Task =
Below are the entries. Transcribe exactly the lines from the one with "Si Attesta che" through the one with "寒い日です。寒波が近づいています。きれいに並んで、安全に登校してきました。", ends included, and leave out all others.

Records supplied =

################

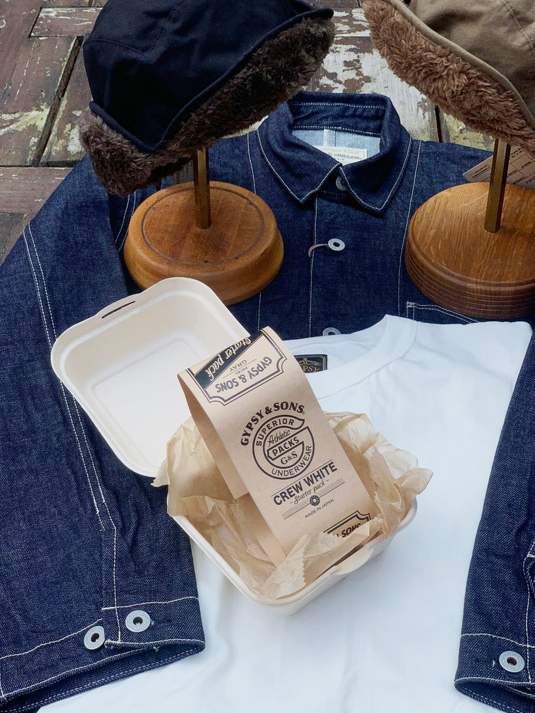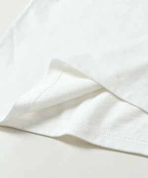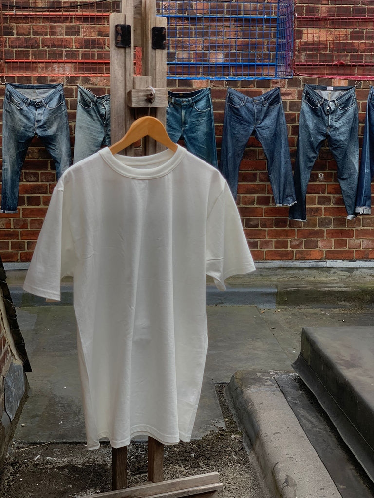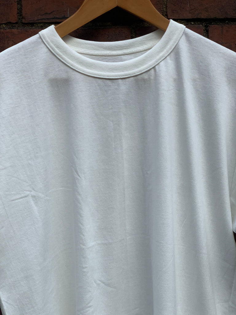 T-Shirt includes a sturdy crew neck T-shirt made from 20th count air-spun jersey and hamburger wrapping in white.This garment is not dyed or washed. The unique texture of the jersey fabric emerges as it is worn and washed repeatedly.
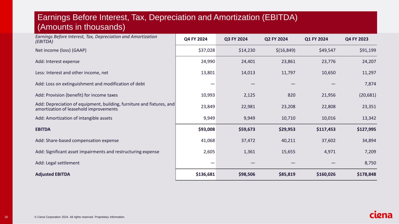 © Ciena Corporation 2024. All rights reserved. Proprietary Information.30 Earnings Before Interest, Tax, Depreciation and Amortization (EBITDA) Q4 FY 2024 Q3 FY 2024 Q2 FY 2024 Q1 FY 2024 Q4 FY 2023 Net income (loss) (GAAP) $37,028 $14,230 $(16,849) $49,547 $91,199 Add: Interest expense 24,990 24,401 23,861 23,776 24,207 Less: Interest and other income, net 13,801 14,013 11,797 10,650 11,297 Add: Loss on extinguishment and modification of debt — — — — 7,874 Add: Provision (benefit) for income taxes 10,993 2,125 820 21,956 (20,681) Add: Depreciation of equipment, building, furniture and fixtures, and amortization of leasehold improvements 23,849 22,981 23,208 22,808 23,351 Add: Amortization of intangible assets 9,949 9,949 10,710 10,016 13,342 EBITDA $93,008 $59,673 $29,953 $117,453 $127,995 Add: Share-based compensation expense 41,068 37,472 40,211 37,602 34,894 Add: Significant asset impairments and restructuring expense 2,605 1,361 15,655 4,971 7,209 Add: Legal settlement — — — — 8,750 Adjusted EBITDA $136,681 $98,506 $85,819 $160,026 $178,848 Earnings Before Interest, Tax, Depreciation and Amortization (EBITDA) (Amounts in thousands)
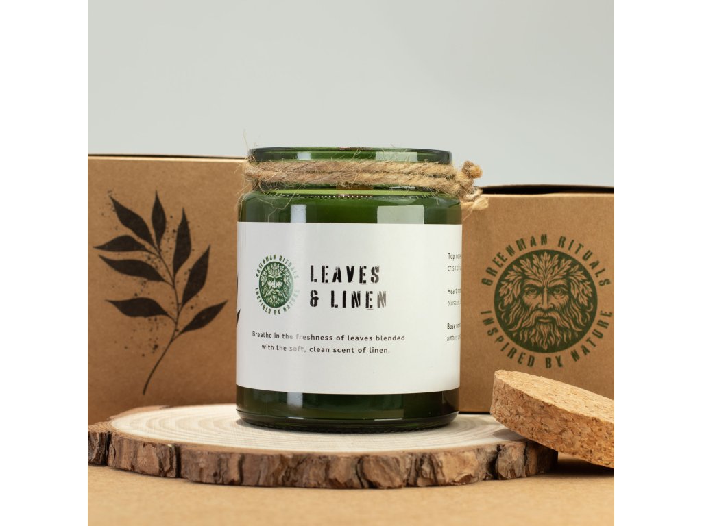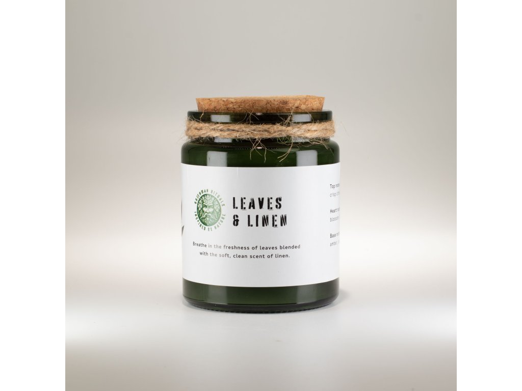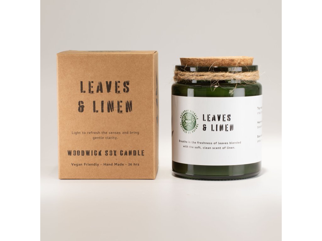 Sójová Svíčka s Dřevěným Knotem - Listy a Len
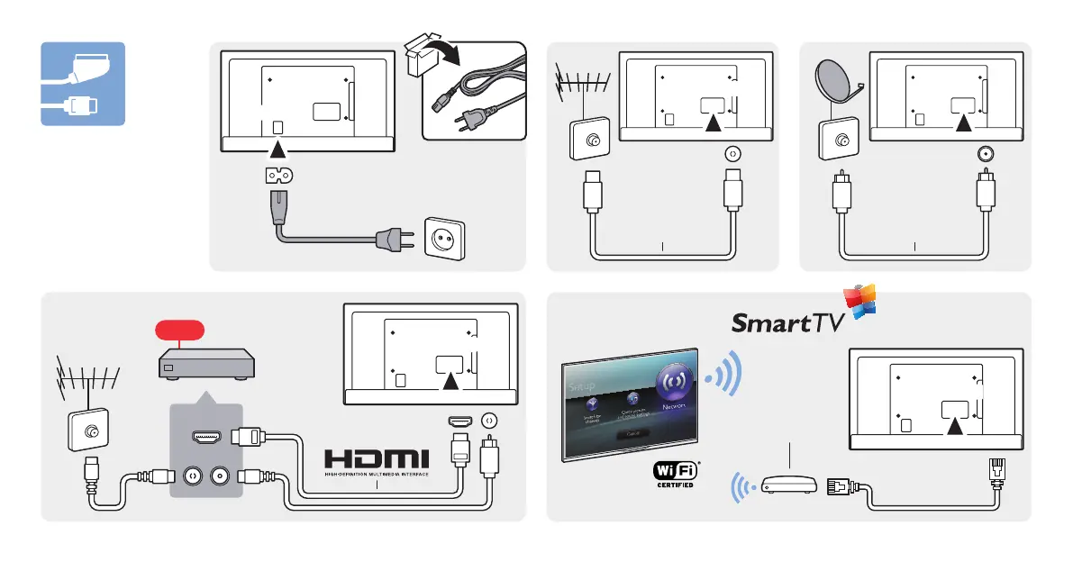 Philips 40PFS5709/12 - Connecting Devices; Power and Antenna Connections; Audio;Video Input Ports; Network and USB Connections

################

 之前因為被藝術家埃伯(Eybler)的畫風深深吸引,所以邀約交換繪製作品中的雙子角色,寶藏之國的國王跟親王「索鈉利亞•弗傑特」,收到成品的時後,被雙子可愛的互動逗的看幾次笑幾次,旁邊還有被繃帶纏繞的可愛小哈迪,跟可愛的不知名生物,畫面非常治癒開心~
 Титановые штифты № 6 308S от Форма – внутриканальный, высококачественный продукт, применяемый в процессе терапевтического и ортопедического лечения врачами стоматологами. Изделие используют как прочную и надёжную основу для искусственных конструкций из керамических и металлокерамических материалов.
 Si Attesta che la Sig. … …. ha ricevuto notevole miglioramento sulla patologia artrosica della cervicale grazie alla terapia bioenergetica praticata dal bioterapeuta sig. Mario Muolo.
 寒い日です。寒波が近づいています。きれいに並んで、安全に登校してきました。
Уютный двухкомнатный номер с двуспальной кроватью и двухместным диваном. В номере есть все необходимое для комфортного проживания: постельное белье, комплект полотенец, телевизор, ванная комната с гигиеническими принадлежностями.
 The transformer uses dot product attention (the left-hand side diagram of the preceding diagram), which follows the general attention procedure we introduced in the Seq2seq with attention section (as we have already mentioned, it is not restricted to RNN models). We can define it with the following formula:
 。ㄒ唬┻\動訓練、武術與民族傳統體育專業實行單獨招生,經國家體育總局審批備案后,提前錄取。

################

Written solution =
 Si Attesta che la Sig. … …. ha ricevuto notevole miglioramento sulla patologia artrosica della cervicale grazie alla terapia bioenergetica praticata dal bioterapeuta sig. Mario Muolo.
 寒い日です。寒波が近づいています。きれいに並んで、安全に登校してきました。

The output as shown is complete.